Der Siegeszug von Ikea in Österreich begann 1977: Gut 30 Jahre, nachdem der am Wochenende verstorbene Ingvar Kamprad das Möbelhaus in seiner Heimat Schweden gegründet hatte, wurde in Vösendorf die erste Filiale eröffnet. Seitdem findet sich kaum ein Haushalt, in den nicht mindestens ein skandinavisches Billigmöbel oder -accessoire eingezogen ist (von Studenten-WGs ganz zu schweigen). 68 Prozent waren 2004 in einer deutschen Umfrage der Meinung, dass Ikea unseren Einrichtungsstil "maßgeblich beeinflusst" hat.

Design über alles

Viel war in Kamprads Nachrufen von der "Demokratisierung des Wohnens" die Rede; ähnliche Worte findet Josefa Haselböck vom Hofmobiliendepot: "Ikea hat es möglich gemacht, dass man modernes Design zu sehr günstigen Preisen bekommt. Man könnte das als ‚soziales Design‘ bezeichnen." Die Ästhetik stand – bei allem Preisbewusstsein – stets im Vordergrund: "Die Ikea-Designer orientierten sich immer an den ‚Großen‘, etwa bei der Möbelmesse in Mailand."

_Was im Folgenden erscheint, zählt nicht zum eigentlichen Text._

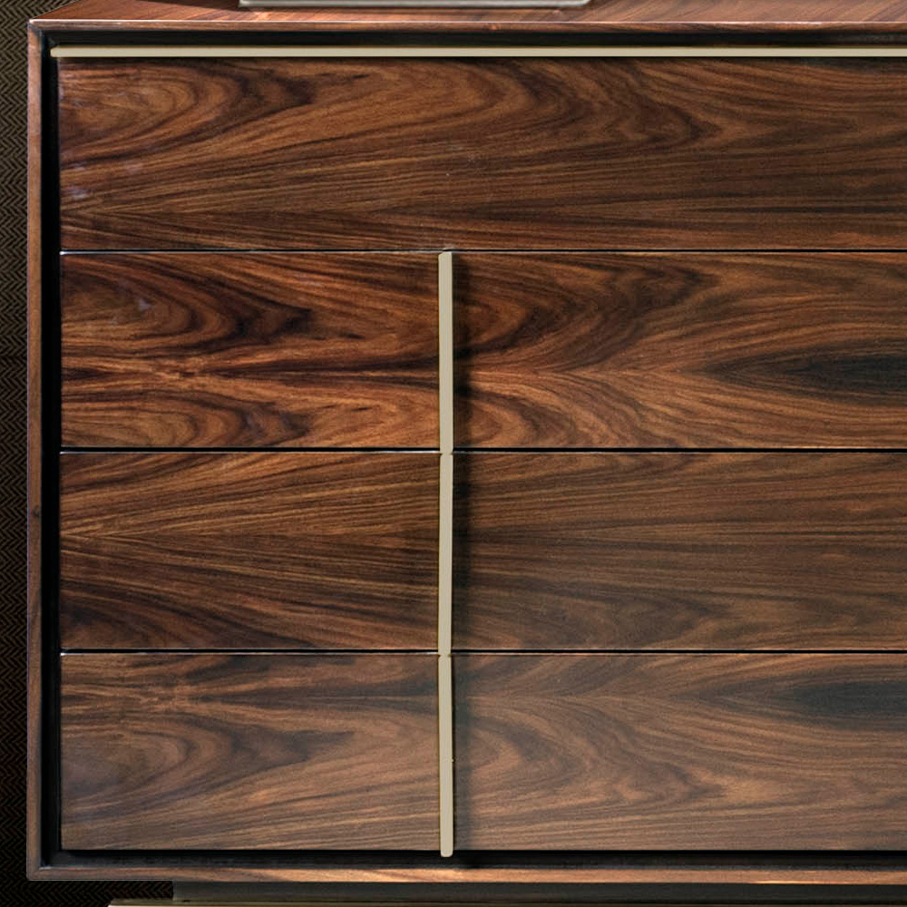 This luxurious dresser features a sumptuous rosewood veneer and brass finish. Exquisitely complemented by eight drawers, allowing for a generous amount of storage space. Available in a variety of finishes. Prices will vary.
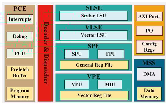 - Homh, M.Y.; Wu, J.M. Vector Register Design with Register Bypassing for Embedded DSP Core. In Proceedings of the 2012 IEEE 14th International Conference on High Performance Computing and Communication & 2012 IEEE 9th International Conference on Embedded Software and Systems, Liverpool, UK, 25–27 June 2012; IEEE: Piscataway, NJ, USA, 2012; pp. 1033–1038. [Google Scholar]

Auch der demografische Wandel spielte dem schwedischen Möbelhaus – dessen Name sich aus den Initialen des Gründers sowie den Anfangsbuchstaben seines elterlichen Hofes und seines Heimatdorfs zusammensetzt – in die Hände: "Bis in die Sechziger war Wohnen ein sehr beständiges Thema", sagt Haselböck. "Danach wurde man mobiler, hat öfter Arbeitsplatz und Wohnort gewechselt." Später wuchs die Zahl der Einpersonenhaushalte, immer mehr Menschen zog es in die Städte, wo Wohnraum begrenzt und teuer ist – die platzsparenden, vielseitig kombinierbaren Möbel kamen da gerade recht.

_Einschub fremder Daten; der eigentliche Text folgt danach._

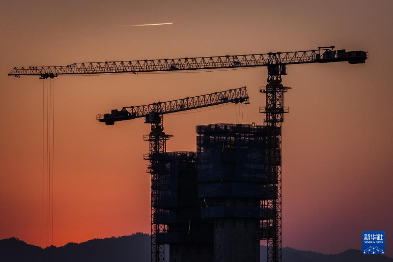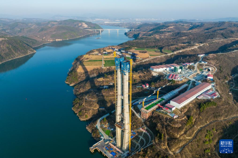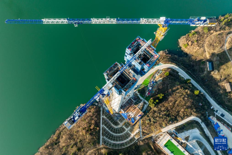12月24日拍攝的漢江特大橋兩岸主塔施工現(xiàn)場(chǎng)(無(wú)人機(jī)照片)。
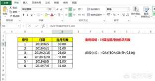 2、通过Eomonth函数返回对应日期在当月最后一天的日期只会,我们再利用Day函数来提取当前日期在一个月中的值就可以了。注意需要将格式调整为数值或者常规。如下图所示:
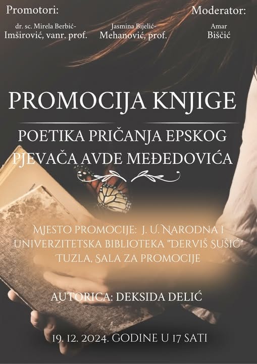 Promocija knjige „Poetika pričanja epskog pjevača Avde Međedovića“, autorice Dekside Delić održati će se u četvrtak 19.12.2024.godine u 17 sati u sali Biblioteke „Derviš Sušić“ Tuzla.

"Neu war auch, dass man die Möbel sofort mitnehmen konnte", erzählt Haselböck. Als der knausrige Kamprad aus Kostengründen beschloss, seine Möbel von den Kunden zusammenbauen zu lassen, ahnte er nicht, dass er damit einen Grundstein für den Erfolg legte. Denn: Wer seinen Esstisch selber zusammenschraubt, bringt diesem in Folge eine höhere Wertschätzung entgegen. Der sogenannte "Ikea-Effekt" wurde 2009 vom Wirtschaftswissenschaftler Michael Norton nachgewiesen und hat sogar einen eigenen Wikipedia-Eintrag.

Heile Welt

Am Einkaufserlebnis selbst scheiden sich die Geister zwar (eine US-Psychologin warnte sogar, der Möbelkauf würde Beziehungen gefährden). Dennoch vermittelt das Einrichtungshaus seinen Kunden das Gefühl, heimzukommen, analysiert die Psychologin Petra Hofmayer: "Man spricht von der ‚Ikea-Family‘, ist per Du, es gibt günstiges, gutes Essen und im Bällebad kümmert sich jemand um die Kinder. Es wird also ein Stück ‚heile Welt‘, ein gutes Gefühl verkauft."

Übrigens: Laut einer Studie aus den USA hält die Ikea-Euphorie nicht ein Leben lang an. Ein Kreditkarteninstitut fand heraus, dass die Begeisterung an Malmö, Lack und Expedit beim Erreichen des 35. Lebensjahres – verbunden mit dem Kauf des ersten Eigenheims – langsam abflaut. Wie viele danach wieder zur Wohnwand in Massivholz greifen, wurde allerdings nicht erhoben.

Ikeas Muse aus Wien

Große bunte Muster, warme Stoffe, Natur als Vorbild – bei seinen Entwürfen für das "Neue Wohnen" stellte der Architekt Josef Frank bereits in den 1920er-Jahren den Menschen in den Mittelpunkt. Seine Ideen der "Wiener Moderne" bewirkten eine Demokratisierung im Design – noch nicht beim Preis, aber beim Fokus auf Wohnlichkeit. Berühmt ist etwa die "Werkbund-Siedlung" in Wien-Hietzing.

1933 musste der in Baden bei Wien geborene Architekt als Jude flüchten und fand in Stockholm Zuflucht. Dort prägte er bei der Firma Svenskt Tenn das (Selbst-)Bild skandinavischer Möbel von Ikea bis Marimekko. Er lehnte die damals moderne Stahlrohr-Ästhetik als zu kühl ab und entwarf Sofas, Sessel, Schränke und Lampen in seinem farbenfrohen Stil. 2000 Möbelskizzen und 160 Textilmuster fanden sich in seinem Nachlass und bei seinem Arbeitgeber, zeigten Ausstellungen wie jene im MAK in Wien.